Since his death, many close aides of Arafat made accusations regarding the circumstances of his demise. His personal physician, Al Kurdi, was denied access to him by Suha who, he says, had refused to conduct an autopsy. And Arafat’s former adviser, Bassam Abu Sharif, claimed that the Mossad had poisoned the Palestinian leader by tampering with his medications.
Since then, the controversy over Arafat’s death had quieted down. But now with Al Jazeera’s new claims, the case is at the centre of public attention, especially in the West Bank. The timing of the revelations has raised many questions. Why did Al Jazeera carry out its investigative report now and why has Suha changed her mind about the autopsy? And who is really behind this latest crisis?
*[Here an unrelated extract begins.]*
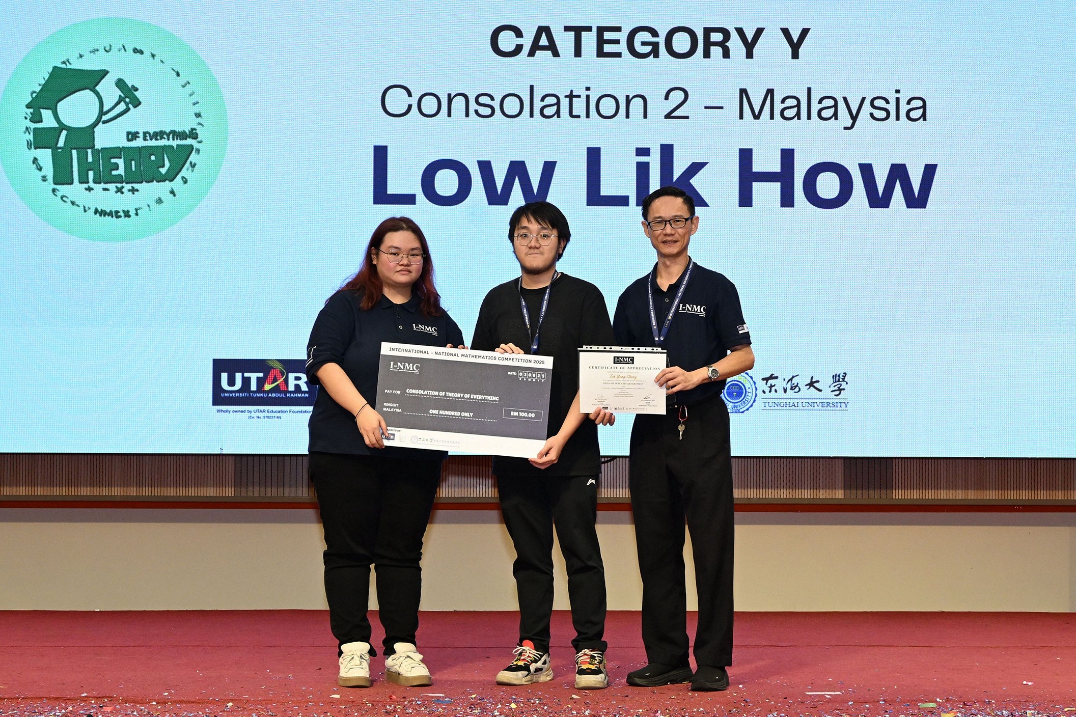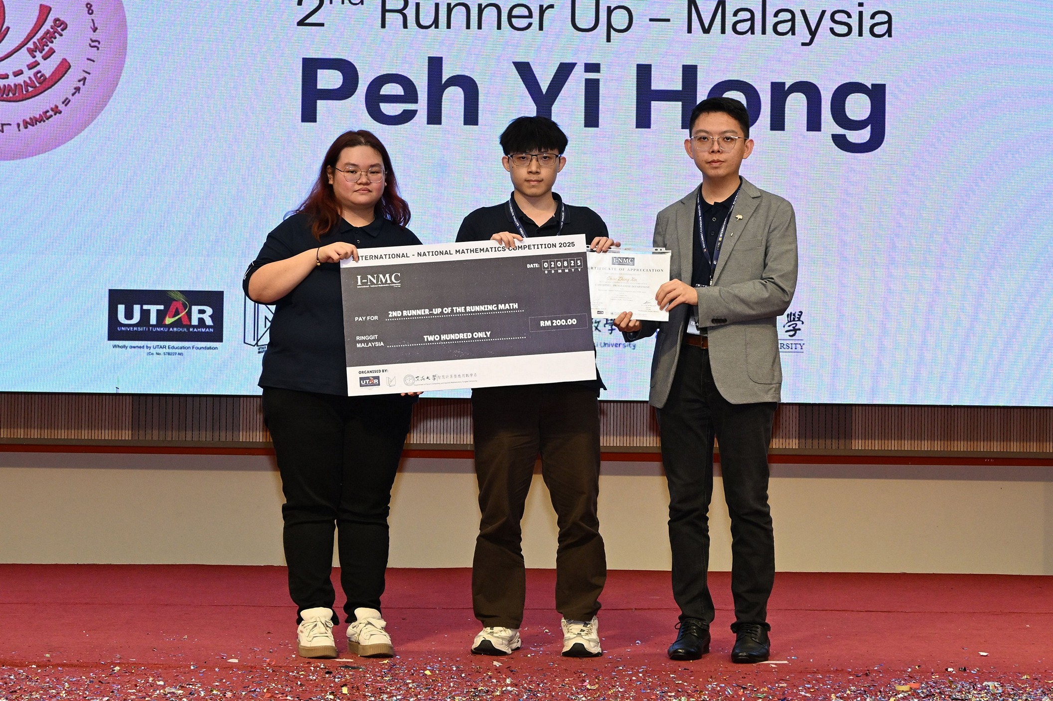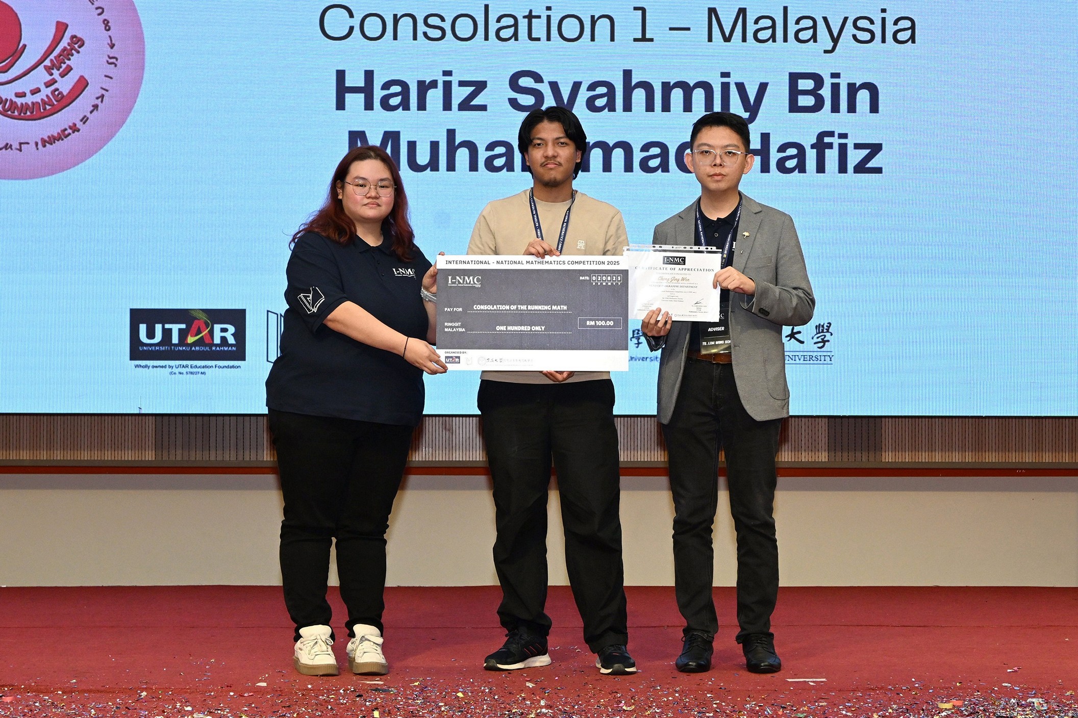 This year also marked a historic milestone as the competition was rebranded as the International-National Mathematics Competition (I-NMC) 2025, through a first-ever collaboration with Tunghai University. For the first time, the competition was held simultaneously at UTAR Sungai Long Campus and Tunghai University, expanding the platform from a national-level challenge into an international exchange of mathematical knowledge and collaboration.

Who stands to benefit and who might lose?
Some pundits have speculated that the current controversy is aimed at casting more doubts on the current Palestinian leadership. For most Palestinians, Arafat’s murder can only be blamed on Israel, but the real killers are those who were close to Arafat and who were able to slip the radioactive material into his food or medications. The circle of close aides does not exclude anyone. It is this sense of doubt and suspicion that is undermining the Palestinian leadership at this stage.
The findings of the Swiss lab have only muddled the situation. Now the pressure is mounting on PNA to exhume Arafat’s remains and carry out detailed examinations. One Palestinian official, Saeb Ureikat, had called for an international tribunal to investigate the circumstances of Arafat’s death, along the lines of the UN probe over former Lebanon prime minister Rafik Hariri’s assassination.
But even if Arafat’s body was exhumed and his murder was confirmed, the political repercussions of such a development would be too huge to contain by the PNA and its beleaguered President Abbas.
In the absence of Palestinian reconciliation and the deep financial troubles of the Ramallah authority, in addition to the collapse of the peace process, the fallout would be deadly. Palestinians are growing tired and frustrated over all these issues. The last thing they need now is to believe in a conspiracy linking their own leadership to the killing of their national hero.
Even after his death, Arafat remains a potent figure in Palestinian national psyche. The latest revelations will haunt his detractors and cast a huge shadow over a miserable Palestinian scene.